RTX 4090 2way cannot train model; it stuck

Hyunjin_Kim · March 29, 2023, 3:29pm

One RTX4090 can train a model normally with Pytorch-cuda. But with 2x RTX4090, it stuck at dataloader. Does NVIDIA block P2P communication between GPUs? I cannot understand why this serious problem is not announced in public? If I know it, I will not buy this kind of machine. My machine uses ThreadRipper Pro 5955wx and 2 GPUs.

ptrblck · March 29, 2023, 3:35pm

Your 4090s do not support P2P and some NVIDIA drivers created hangs. Drivers 525.107 and 520.86 should fix it and avoid the hang.

Hyunjin_Kim · March 29, 2023, 5:14pm

Thanks for quick answer. But I have another question. Do all 4090 GPUs not support P2P communication? Or no plan for allow P2P communication?

Hyunjin_Kim · March 29, 2023, 5:18pm

And where can I download the stable drivers? Thanks again.

ptrblck · March 29, 2023, 7:47pm

Sorry, the driver should be released by end of this month and might not be published yet. As a workaround you could use export NCCL_P2P_DISABLE=1.

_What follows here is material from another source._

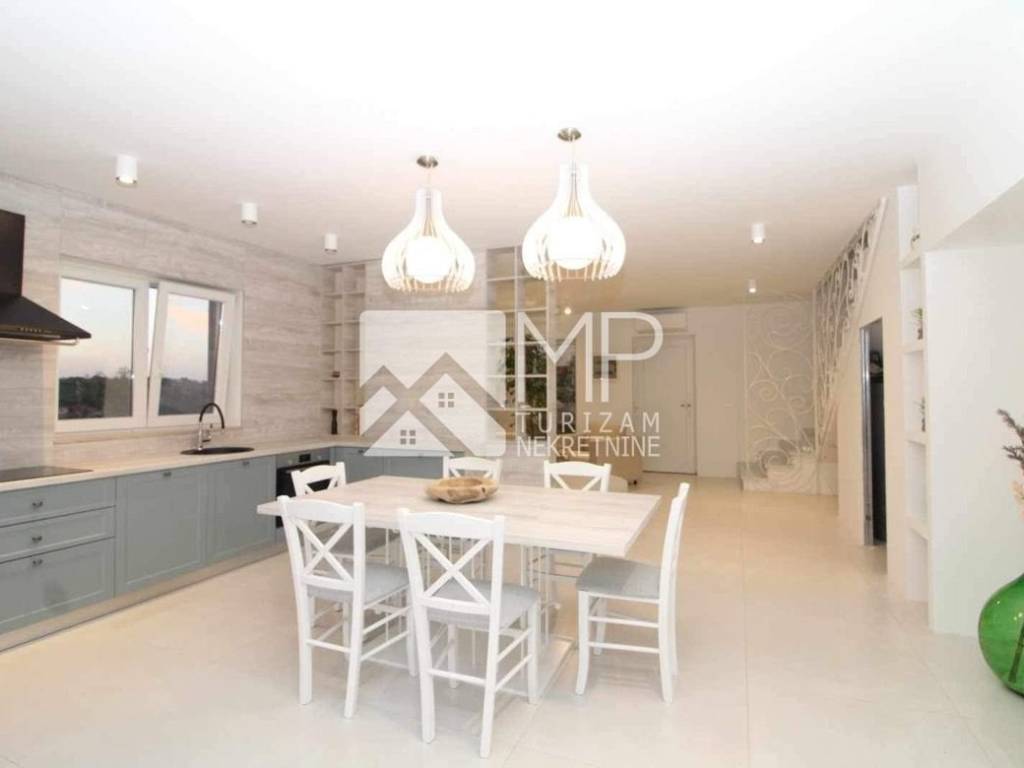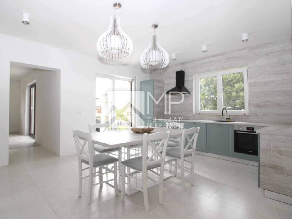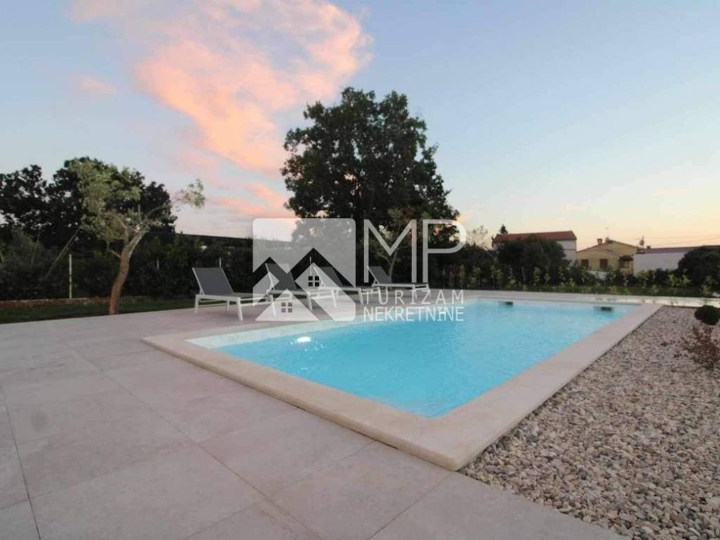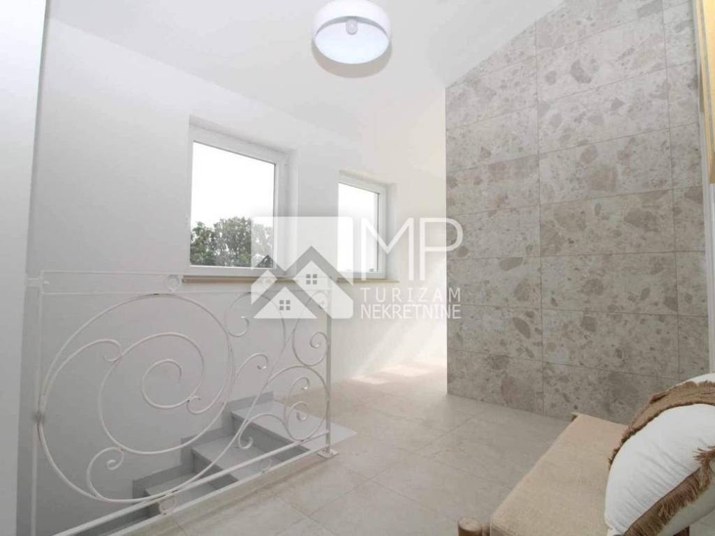 In der kleinen istrischen Stadt Hrboki, etwa 30 km von Pula entfernt, wo Sie einen wohlverdienten Urlaub verbringen können, befindet sich ein wunderschönes, neu renoviertes Etagenhaus von 125 m2 auf einem Grundstück von 1113 m2.

P2P is not enabled on 4090s as it’s an unsupported configuration. The driver fix doesn’t enable it, but avoids hangs and data corruption.

Hyunjin_Kim · April 3, 2023, 7:28am

I think that the release of these drivers require more time. Is it right? On 30th March, 525.105 driver was released.

Hyunjin_Kim · April 6, 2023, 7:12am

I want to know whether 525.105 driver was safe for the hangs and data corroptions.

ptrblck · April 6, 2023, 7:45am

Yes, this seems to be the case based on this comment.